Where the listing below has a line with "作词 : etsuco |", write out exactly that line and every line after it, stopping after the line with "8. Отправить в".

***** Records for the task *****

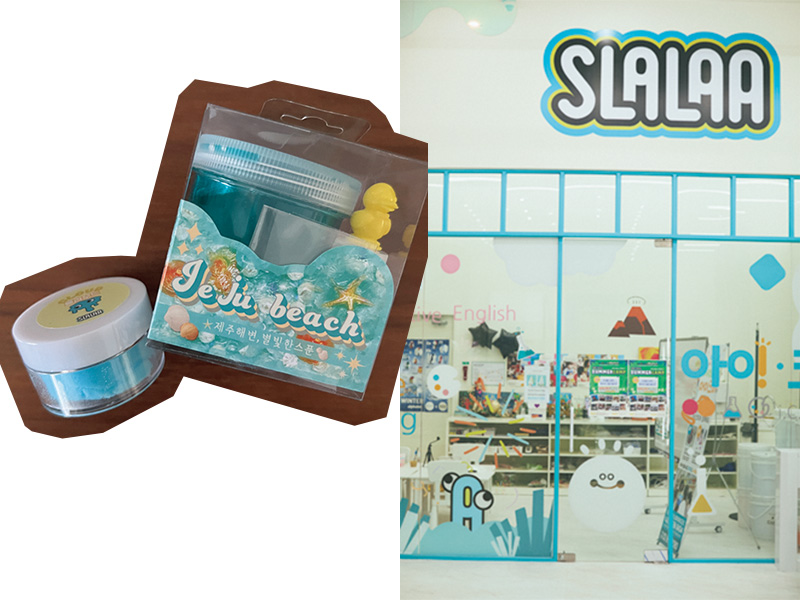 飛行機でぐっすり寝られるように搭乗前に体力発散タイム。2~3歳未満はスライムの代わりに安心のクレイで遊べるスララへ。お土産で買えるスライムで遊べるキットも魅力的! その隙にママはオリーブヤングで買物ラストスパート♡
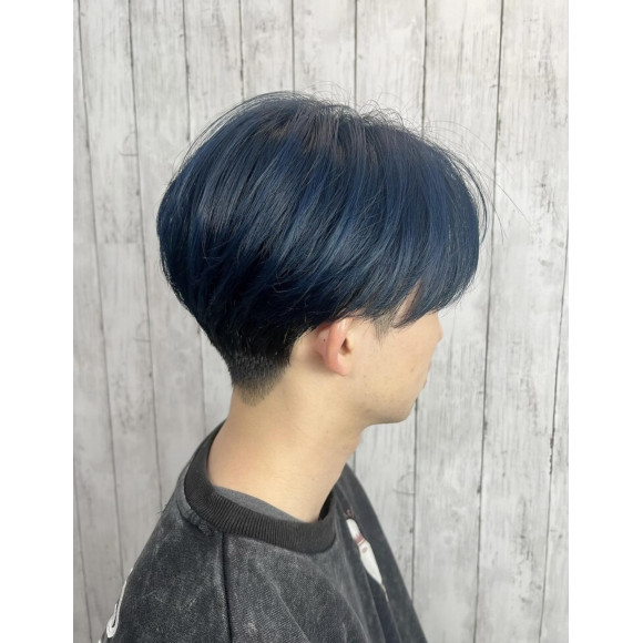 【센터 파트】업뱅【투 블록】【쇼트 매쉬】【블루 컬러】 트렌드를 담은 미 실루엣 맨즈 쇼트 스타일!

*****
***** Records for the task *****

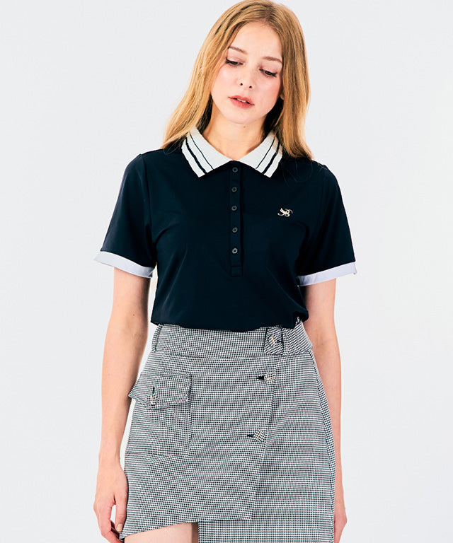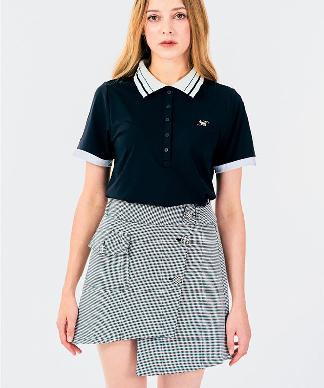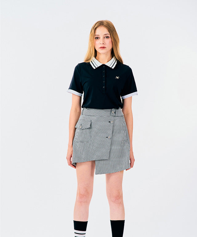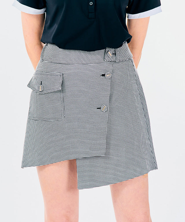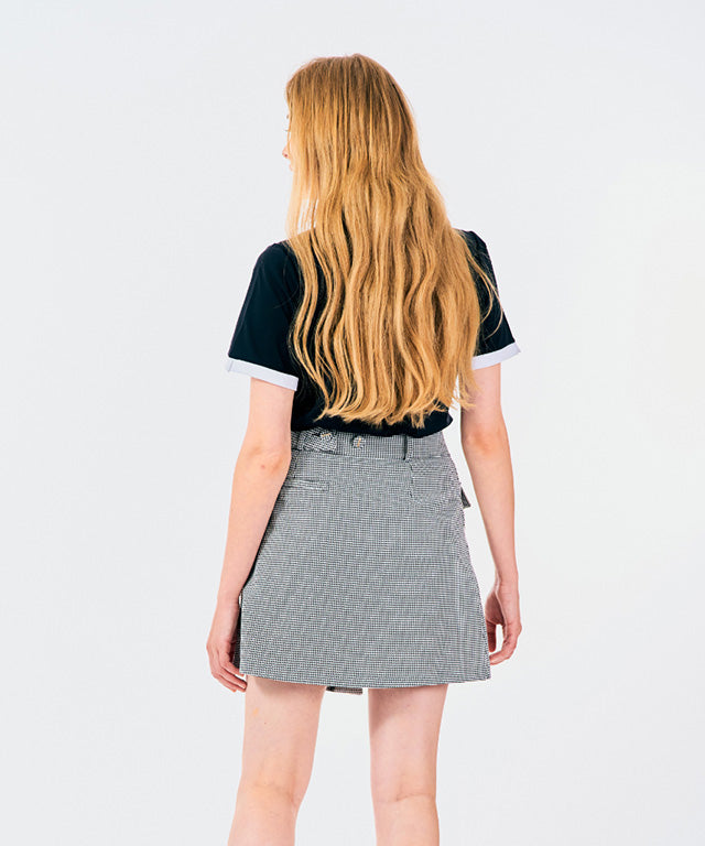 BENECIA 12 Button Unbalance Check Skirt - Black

*****
***** Records for the task *****

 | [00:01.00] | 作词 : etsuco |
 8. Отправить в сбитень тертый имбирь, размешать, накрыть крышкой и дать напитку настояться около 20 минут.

*****

## Written solution:
 | [00:01.00] | 作词 : etsuco |
 8. Отправить в сбитень тертый имбирь, размешать, накрыть крышкой и дать напитку настояться около 20 минут.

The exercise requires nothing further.